— Да, да, — ответила Марго, но про себя добавила, негодуя все сильнее:
«Нельзя так! Я должна им открыть всю правду».
— Где же ваша собачка, мадам? Я никогда не видела такой прелестной
собачки!
— Она ваша, я дарю ее вам. — Марго выпустила девочку. «Я должна их
предостеречь!» — Мне хотелось бы дать вам один совет. — Марго наклонилась к
Жанне, настойчиво посмотрела ей в глаза. Впервые почувствовала она, как ей
изменяют выдержка и находчивость, — уж слишком необычным было ее намерение.
Марго не знала, как начать, она с трудом переводила дыхание, даже нос ее стал
как будто длиннее. — Но никто не должен знать, что это я вам сказала.

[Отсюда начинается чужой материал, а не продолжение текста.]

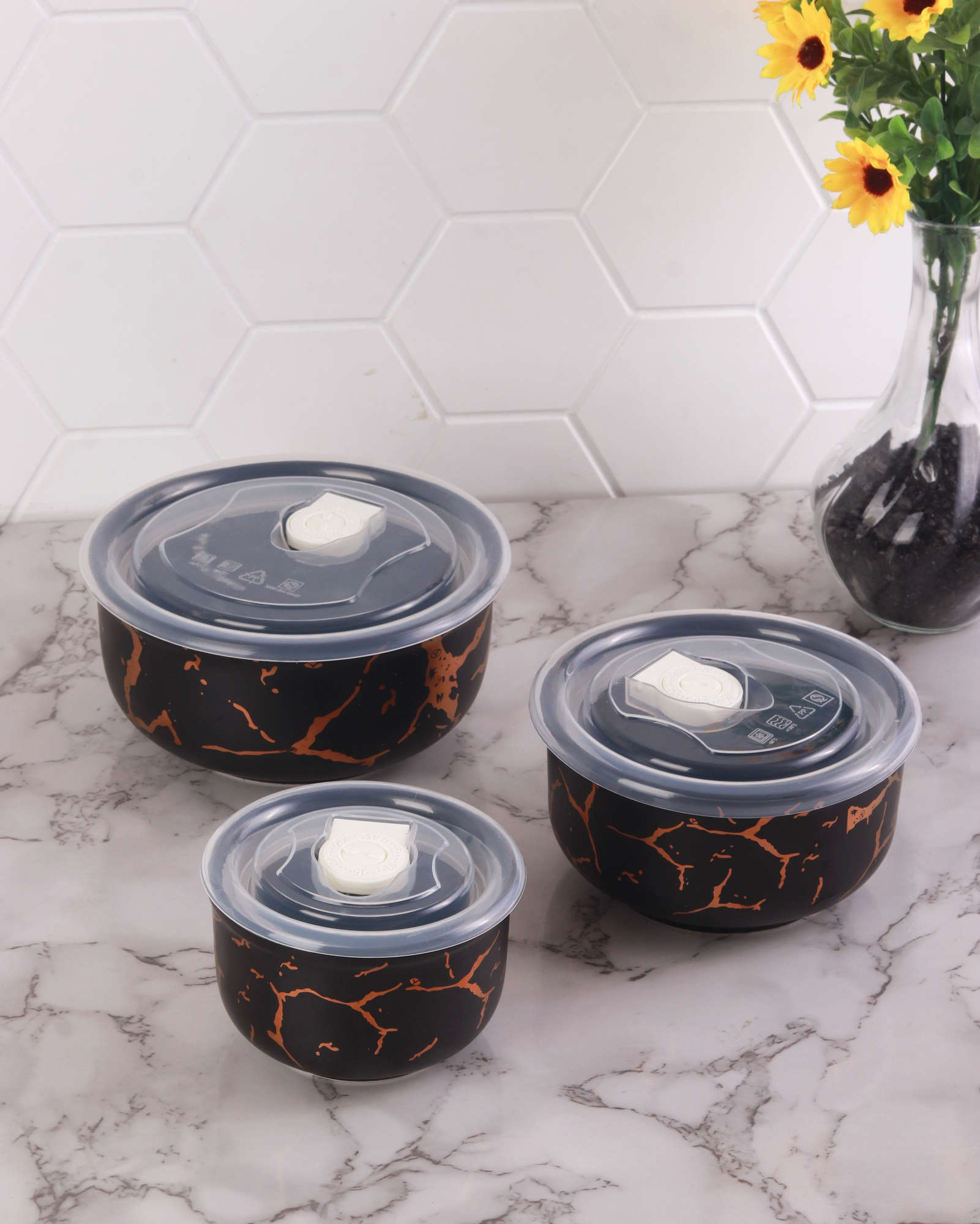 Wadah makanan dari Vicenza hadir dengan penampilan baru! Dengan menggunakan wadah makanan Vicenza Wadah Makanan Motif Marmer – Hitam BM780bermotif marmer, bisa menjadi solusi yang praktis, fungsional, dan elegan bagi Anda dalam menyimpan makanan maupun membawa bekal. Lebih higienis, sehat, dan tampil dengan menarik! Tersedia dalam tiga ukuran wadah untuk satu set: 10 cm, 12.5 cm, dan 15 cm.

«Да, это зловещая роскошь, под нею что-то притаилось», — подумала Жанна. И
она ответила: — Я же знаю, что со мной хитрят и хотят меня обмануть.
— Это бы еще ничего! Уезжайте отсюда, мадам, и как можно скорее! —
выкрикнула, вернее, взвизгнула, Марго, — в ней говорило уже не величие души,
как ей того хотелось, а лишь охвативший ее внезапный и нестерпимый ужас. И
вдруг беззвучно добавила: — Нас, наверное, никто не слышит? Ну, так берите вашу
прелестную девочку и бегите с нею на юг, может быть, еще не поздно! Если вы
хотите чего-нибудь добиться, то вам нельзя быть здесь, а, уж вашему сыну — и
подавно!
Однако в эту, быть может, честнейшую минуту своей жизни Марго встретила со
стороны Жанны только упорство и недоверие. Жанна заранее решила никаким угрозам
не поддаваться. Принцессе так и не удалось вызвать на этом стареющем лице
тревогу, поэтому она нерешительно потянулась к молодой в надежде, что хоть та
ей поможет. Марго оторвала свой взгляд от Жанны и стала смотреть на Екатерину,
но ее взгляд по-прежнему предназначался Жанне. Пусть видит, какую тревогу в
светлых глазах девочки вызовет Марго силой своих черных глаз. Вот в них
мелькнула догадка. А сейчас это ужас!
Однако Жанна продолжала упорствовать в своем нежелании понять принцессу, а
когда увидела, что ее дочь побледнела и едва стоит на ногах, окончательно
рассердилась.
— Довольно! — твердо заявила она, — Иди и ложись обратно в постель, дитя
мое! — И лишь после того, как Екатерина прикрыла за собою дверь и флорентийский
ковер перестал шевелиться, Жанна ответила на совет и предостережение принцессы
Валуа.
— Поверьте, мадам, я все поняла. Вы хотели вызвать во мне колебания и страх,
это вам поручено, конечно, вашей матерью. Ну так вот, расскажите ей, удалось ли
вам сокрушить меня! Я же, со своей стороны, могу сообщить вам, что господин
адмирал добился от короля всего, чего мы, протестанты, желали. Вам лично
незачем принимать какое-либо окончательное решение относительно вашего
вероисповедания, пока вы не услышите, что французский двор объявил войну
Испании. Но вы об этом услышите! Во всяком случае, мой сын и ваш жених прибудет
сюда, только когда наша партия обретет полную силу.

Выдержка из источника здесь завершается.